All of the listing must be given again exactly, except that the images are dropped.

* * * * * * * * *

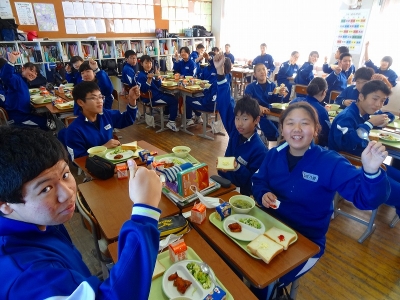 本日12月20日(水)の給食は、一足早いクリスマス献立でした。メニューは、食パン・牛乳・プチケーキ(チョコ)・タンドリーチキン・もみの木サラダ・コンソメスープ・イチゴ&マーガリンでした。どれも生徒たちの大好物で、いつにもまして笑顔で美味しそうに食べていました。
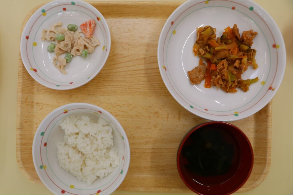 今日の給食:ポークチャップ・れんこんサラダ・ごはん・コンソメスープ
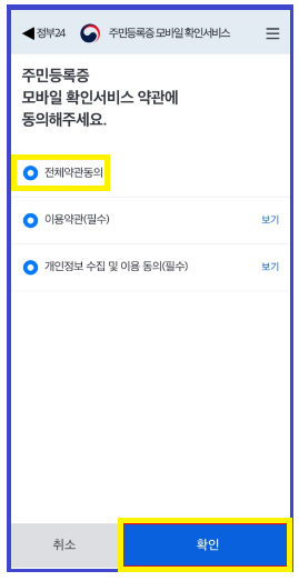 5. 다음 동의 체크 후, 확인을 클릭합니다.
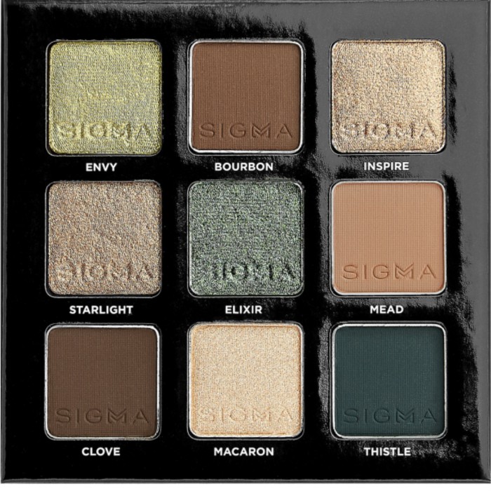 Ivy Eyeshadow Palette från Sigma Beauty är en ögonskuggspalett med en lockande blandning av matta, skimriga, metalliska och duokroma nyanser. Paletten har frodiga gröna och rika neutrala färger och kan användas för bas, globlinje, övergång eller ögonlock. Fungerar bra för att tona upp eller ner olika undertoner.
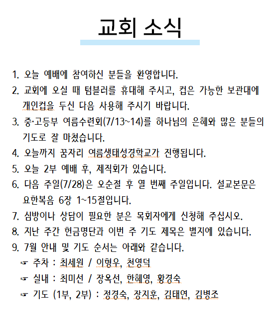 2024년 07월 28일 교회소식
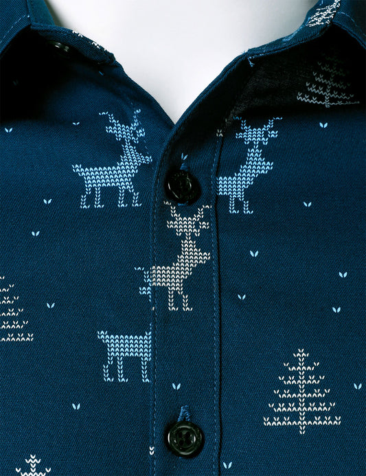 Herre Juletræ Elg Print Åndbar Marineblå Langærmet Skjorte
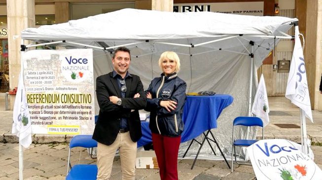 Fare sì che Voce Nazionale sia protagonista del cambiamento necessario a riportare Lecce alla naturale ribalta che le appartiene. È questa la richiesta di tanti leccesi che nel fine settimana appena trascorso, si sono recati presso il gazebo allestito in Piazza Sant’Oronzo, in occasione del referendum consuntivo sull’ampliamento degli scavi dell’Anfiteatro Romano, un momento di coinvolgimento della comunità organizzato dal movimento politico leccese, al quale hanno partecipato, tra gli altri, il Vicepresidente Mario Spagnolo e Serena Donnini Coordinatrice dei Comitati Territoriali di Lecce.
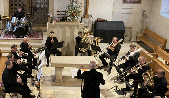 Le programme était commenté par le dynamique directeur du Brass Ensemble, Michel Burnand. La berceuse de Jean-François Michel, compositeur fribourgeois, nous a emmenés à l'alpage avec appel en solo et écho des cornets, avant High Five, de Gilbert Karlen, et Distant Land, prière pour la paix de John Rutter. Cette très belle harmonisation invitait à la sérénité, d'où l'importance de la musique qui peut parfois exprimer, mieux que des mots, nos sentiments. Nous avons aussi plongé dans l'ambiance de musiques de film avec Crimson Tide, de Hans Zimmer.
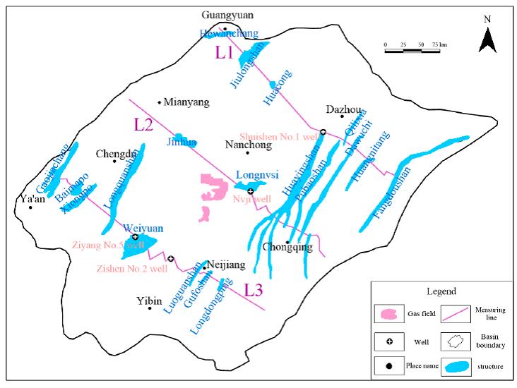 L3 is located in the southern part of the basin, about 400 km long, from northwest to southeast through the western basin Gaojiachang structure, Baimamiao structure, and Xiongpo anticline. In the south of the basin, L3 passed through the Longquanshan structure, Weiyuan structure, Luoguanshan structure, Gufoshan structure, Longdongping structure, and Liziba structure of the six geological structures Ziyang No.5 well and Zishen No.2 well (Figure 5c).
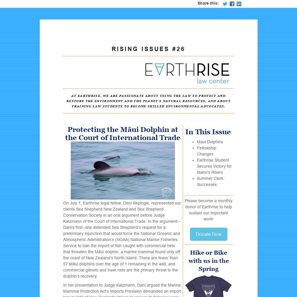 | On July 1, Earthrise legal fellow, Dani Replogle, represented our clients Sea Shepherd New Zealand and Sea Shepherd Conservation Society in an oral argument before Judge Katzmann of the Court of International Trade. In the argument--Dani's first--she defended Sea Shepherd’s request for a preliminary injunction that would force the National Oceanic and Atmospheric Adimistration’s (NOAA) National Marine Fisheries Service to ban the import of fish caught with commercial nets that threaten the Māui dolphin, a marine mammal found only off the coast of New Zealand’s North Island. There are fewer than 57 Māui dolphins over the age of 1 remaining in the wild, and commercial gillnets and trawl nets are the primary threat to the dolphin’s recovery.
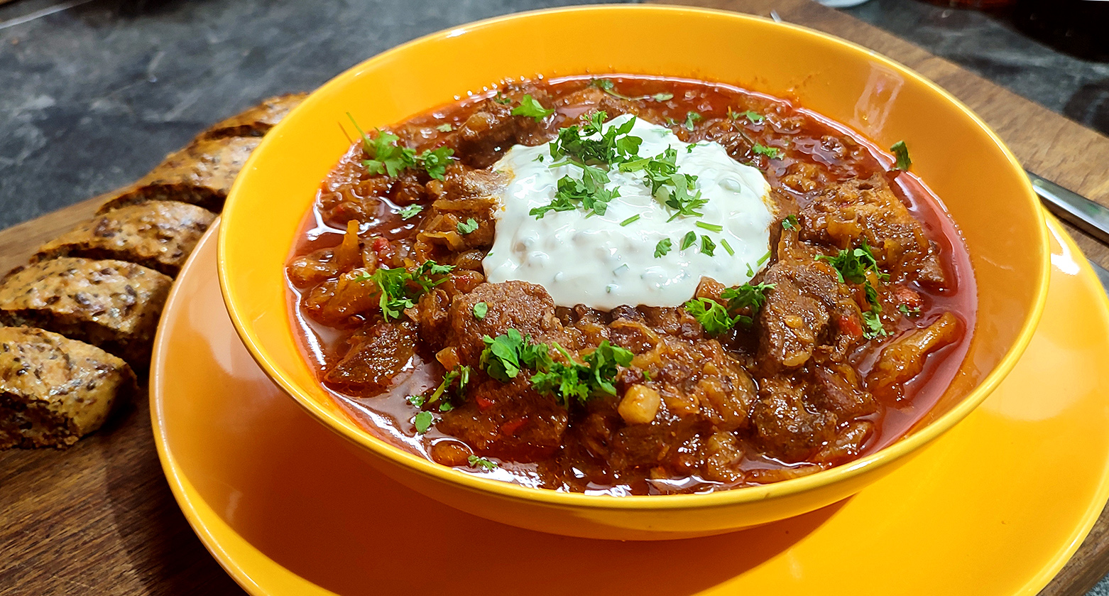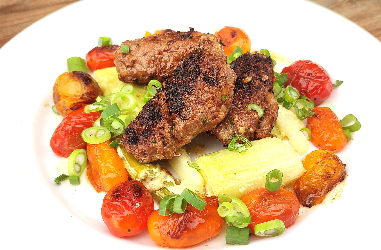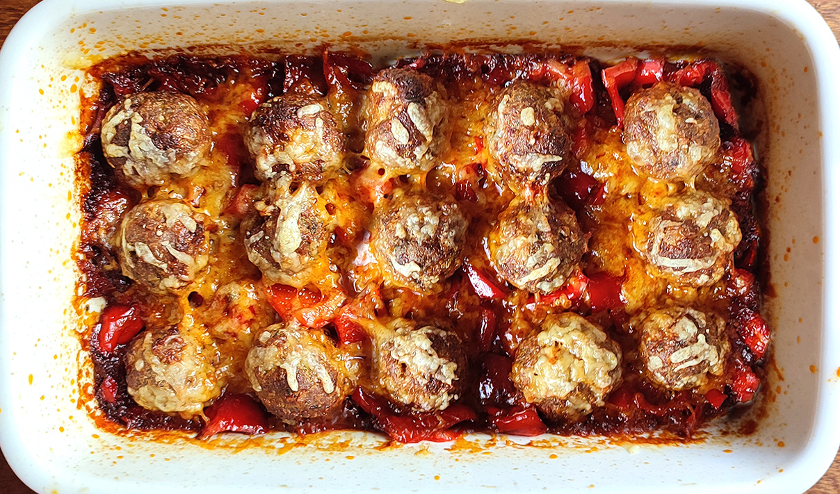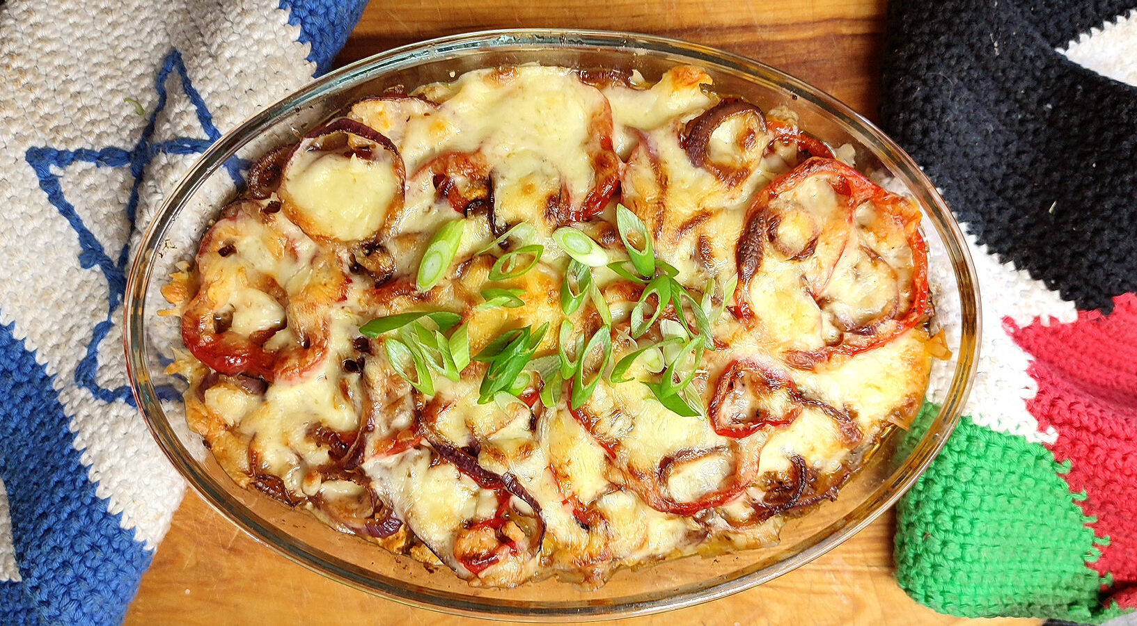 Wie fertig? Ich komme da in Schwierigkeiten, denn das ist nicht meine Koche und ich muss zweimal nachfragen: „Wie jetzt, das Hack nicht anbraten … die Paprika roh … nichemal Zwiebeln?“

* * * * * * * * *

- [ANSWER BELOW]:
 本日12月20日(水)の給食は、一足早いクリスマス献立でした。メニューは、食パン・牛乳・プチケーキ(チョコ)・タンドリーチキン・もみの木サラダ・コンソメスープ・イチゴ&マーガリンでした。どれも生徒たちの大好物で、いつにもまして笑顔で美味しそうに食べていました。
 今日の給食:ポークチャップ・れんこんサラダ・ごはん・コンソメスープ
 5. 다음 동의 체크 후, 확인을 클릭합니다.
 Ivy Eyeshadow Palette från Sigma Beauty är en ögonskuggspalett med en lockande blandning av matta, skimriga, metalliska och duokroma nyanser. Paletten har frodiga gröna och rika neutrala färger och kan användas för bas, globlinje, övergång eller ögonlock. Fungerar bra för att tona upp eller ner olika undertoner.
 2024년 07월 28일 교회소식
 Herre Juletræ Elg Print Åndbar Marineblå Langærmet Skjorte
 Fare sì che Voce Nazionale sia protagonista del cambiamento necessario a riportare Lecce alla naturale ribalta che le appartiene. È questa la richiesta di tanti leccesi che nel fine settimana appena trascorso, si sono recati presso il gazebo allestito in Piazza Sant’Oronzo, in occasione del referendum consuntivo sull’ampliamento degli scavi dell’Anfiteatro Romano, un momento di coinvolgimento della comunità organizzato dal movimento politico leccese, al quale hanno partecipato, tra gli altri, il Vicepresidente Mario Spagnolo e Serena Donnini Coordinatrice dei Comitati Territoriali di Lecce.
 Le programme était commenté par le dynamique directeur du Brass Ensemble, Michel Burnand. La berceuse de Jean-François Michel, compositeur fribourgeois, nous a emmenés à l'alpage avec appel en solo et écho des cornets, avant High Five, de Gilbert Karlen, et Distant Land, prière pour la paix de John Rutter. Cette très belle harmonisation invitait à la sérénité, d'où l'importance de la musique qui peut parfois exprimer, mieux que des mots, nos sentiments. Nous avons aussi plongé dans l'ambiance de musiques de film avec Crimson Tide, de Hans Zimmer.
 L3 is located in the southern part of the basin, about 400 km long, from northwest to southeast through the western basin Gaojiachang structure, Baimamiao structure, and Xiongpo anticline. In the south of the basin, L3 passed through the Longquanshan structure, Weiyuan structure, Luoguanshan structure, Gufoshan structure, Longdongping structure, and Liziba structure of the six geological structures Ziyang No.5 well and Zishen No.2 well (Figure 5c).
 | On July 1, Earthrise legal fellow, Dani Replogle, represented our clients Sea Shepherd New Zealand and Sea Shepherd Conservation Society in an oral argument before Judge Katzmann of the Court of International Trade. In the argument--Dani's first--she defended Sea Shepherd’s request for a preliminary injunction that would force the National Oceanic and Atmospheric Adimistration’s (NOAA) National Marine Fisheries Service to ban the import of fish caught with commercial nets that threaten the Māui dolphin, a marine mammal found only off the coast of New Zealand’s North Island. There are fewer than 57 Māui dolphins over the age of 1 remaining in the wild, and commercial gillnets and trawl nets are the primary threat to the dolphin’s recovery.
 Wie fertig? Ich komme da in Schwierigkeiten, denn das ist nicht meine Koche und ich muss zweimal nachfragen: „Wie jetzt, das Hack nicht anbraten … die Paprika roh … nichemal Zwiebeln?“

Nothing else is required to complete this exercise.